Ask nine Orange County residents what comes to mind when they hear the term “real estate” and the chances are good that they’ll say some term related to housing.
But real estate is more than the price of homes or mortgage rates or what is hot and what is not. In its entirety, Orange County real estate is a collection of all of the above, plus a lot of intangibles, mixed in with other economic news such as the consumer confidence index and the price of gasoline.
By the way, consumer confidence and gas prices are rising dramatically.
Another component of the real estate market that factors in the equation is on the professional side. No one resides in the addresses of these transactions and there are no living rooms or bedrooms, but the health of this segment is as important to residential real estate as any data not directly related to buying or selling a home.
This stepchild of sorts is commercial real estate: The buying, selling and leasing of office and industrial space where people go to work. When they go to their jobs at these commercial properties, they earn wages. Properly managed, those wages could then become a down payment on a home or used to maintain an existing mortgage and keep it in good standing — something very important these days.
A key real estate term in this market is the “absorption rate,” which is used, for example, by the National Association of Realtors to help determine whether buyers or sellers have more leverage. The absorption rate is the length of time required to sell — or, absorb — the existing inventory of homes. The higher the absorption rate, the greater the buyer’s advantage because it indicates a backlog. When the absorption rate is low, sellers have the edge because there fewer homes from which to choose.
Simply put, the absorption rate is the number of weeks it takes to sell the current inventory at the present rate of sales.

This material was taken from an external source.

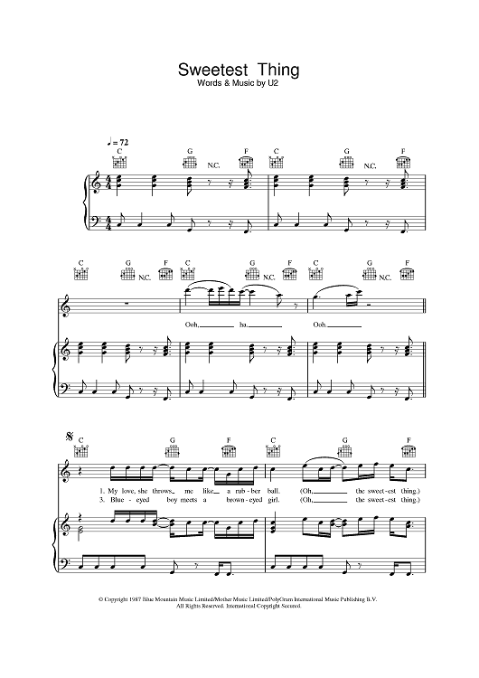 Digital Sheet Music for Sweetest Thing by U2 scored for Piano/Vocal/Chords; id:385132

Although it is not a firm length of time, a six month absorption rate is usually an indicator of a healthy market.
You hear more about absorption rates in commercial real estate in part because this side of the market has its own separate language. But the fact is that the term applies to both commercial and residential real estate.
With the understanding that the commercial absorption rate has a legitimate seat at the table where we analyze overall economic health, there is good news to be heard, or in this case, read.
According to fresh news this week from Newport Beach-based Voit Real Estate Services, the two key segments of commercial real estate, industrial leasing and office space leasing, have improvement indicators. Voit’s First Quarter Market Report reveals that both industrial and office have a “positive net absorption,” a good development. For the industrial segment, it is the fourth straight quarter of good news and the third straight quarter of good news for the office space side.
But wait, there’s more. Both the vacancy rate and the availability rates for office and industrial showed a decline when compared to the same period last year. Granted, last year was nothing to write home about, but today, any news is great news.
Orange County’s positive commercial news is not blockbuster stuff. The problem is that all positive news may forever be compared to the high water marks achieved before the recession when anything and everything on the market was selling quickly at high prices.
Today, we’re heading back to a reality market. Explosive growth has been replaced by steady growth that, in the long run, is the healthiest type.